### WORK ORDER
Each line of the data below should be restated exactly, with images left out.

### DATA EXCERPT

--- START ---

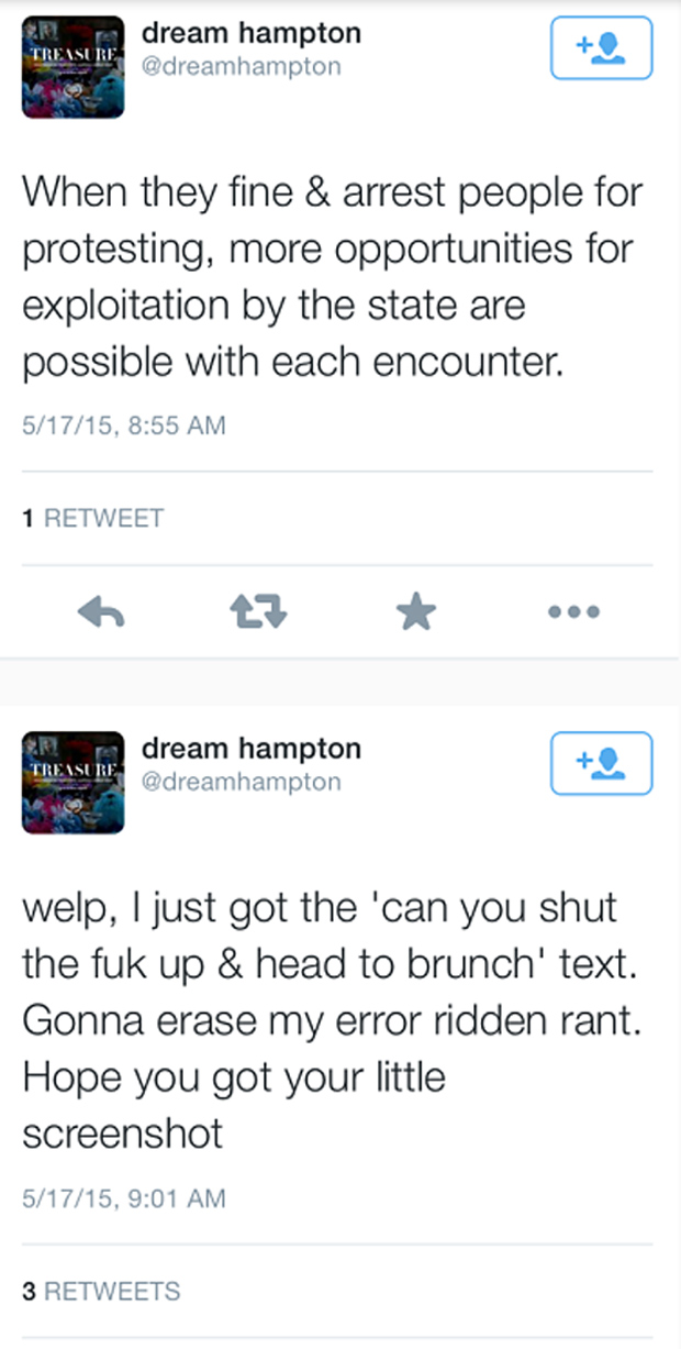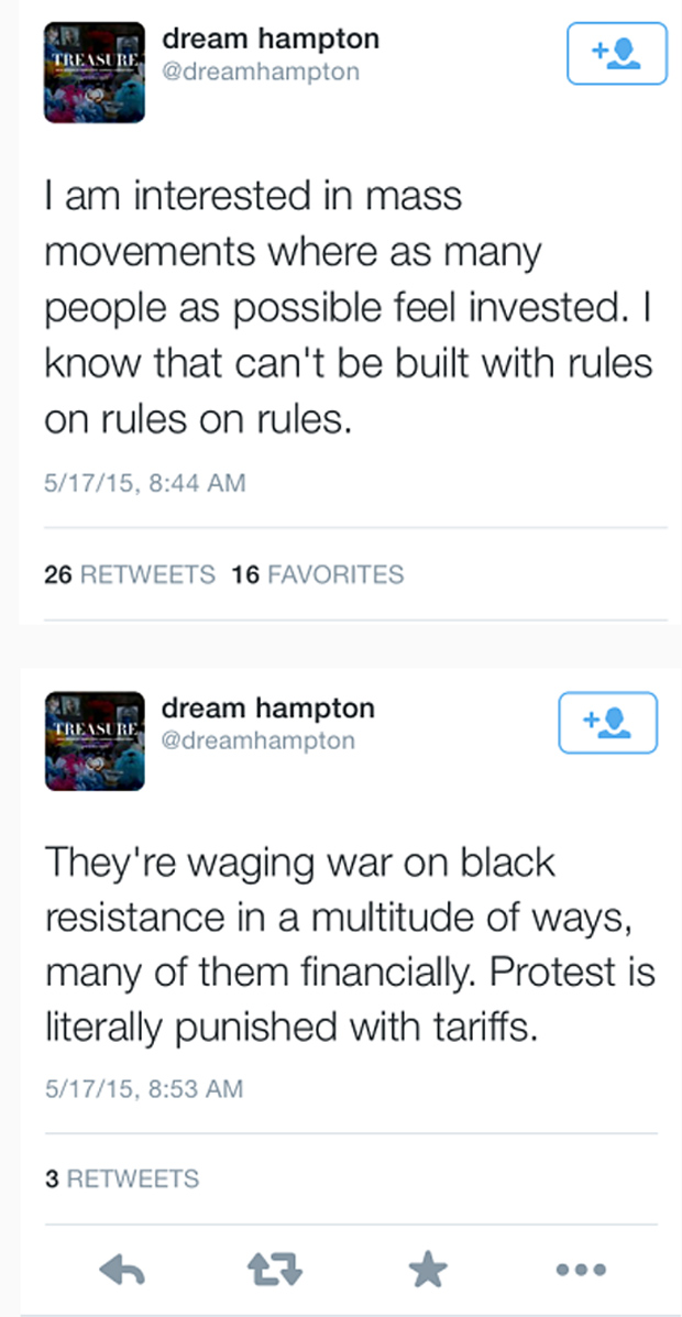 Η Ντριμ Χάμπτον, συγγραφέας και ακτιβίστρια η οποία είχε εργαστεί στα απομνημονεύματα του Jay-Z με τίτλο Decoded που είχαν εκδοθεί το 2010, προχώρησε σε αυτές τις αποκαλύψεις σε μια σειρά από μηνύματα που είχε αναρτήσει στο Twitter, τα οποία ωστόσο ταχύτατα σβήστηκαν, τα αναπαρήγαγε όμως το περιοδικό Complex.
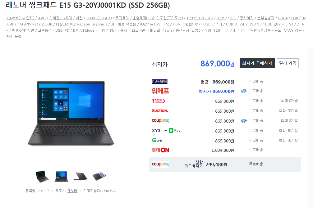 개인적으로 80만원대에선 5800U 모델이 들어간 싱크패드가 압도적으로 좋지 않을까 생각합니다.
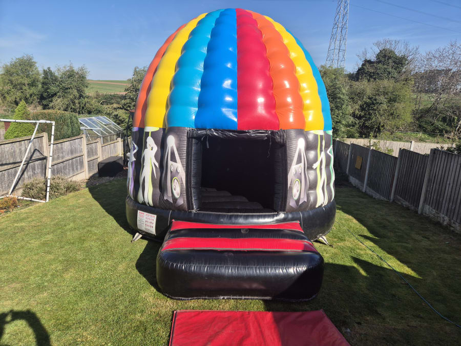 Suitable for up to 17s+, this inflatable has been the star of many parties,one of our 'Lets Party' themed Disco Dome inclusive of flashing disco lights and music through a bluetooth device this is great fun for all ages, we predict a fantastic fun time for everyone. Please allow 2 ft of clear space around the perimeter of the bouncy castle to properly inflate, we require a further 1.5ft of clear air space above the castle. Booking couldn't be easier using our 3 step online booking system. Order in advance to ensure availability' we will confirm your details with email or a text message.

--- END ---

### SOLUTION TO THIS TASK
 Η Ντριμ Χάμπτον, συγγραφέας και ακτιβίστρια η οποία είχε εργαστεί στα απομνημονεύματα του Jay-Z με τίτλο Decoded που είχαν εκδοθεί το 2010, προχώρησε σε αυτές τις αποκαλύψεις σε μια σειρά από μηνύματα που είχε αναρτήσει στο Twitter, τα οποία ωστόσο ταχύτατα σβήστηκαν, τα αναπαρήγαγε όμως το περιοδικό Complex.
 개인적으로 80만원대에선 5800U 모델이 들어간 싱크패드가 압도적으로 좋지 않을까 생각합니다.
 Suitable for up to 17s+, this inflatable has been the star of many parties,one of our 'Lets Party' themed Disco Dome inclusive of flashing disco lights and music through a bluetooth device this is great fun for all ages, we predict a fantastic fun time for everyone. Please allow 2 ft of clear space around the perimeter of the bouncy castle to properly inflate, we require a further 1.5ft of clear air space above the castle. Booking couldn't be easier using our 3 step online booking system. Order in advance to ensure availability' we will confirm your details with email or a text message.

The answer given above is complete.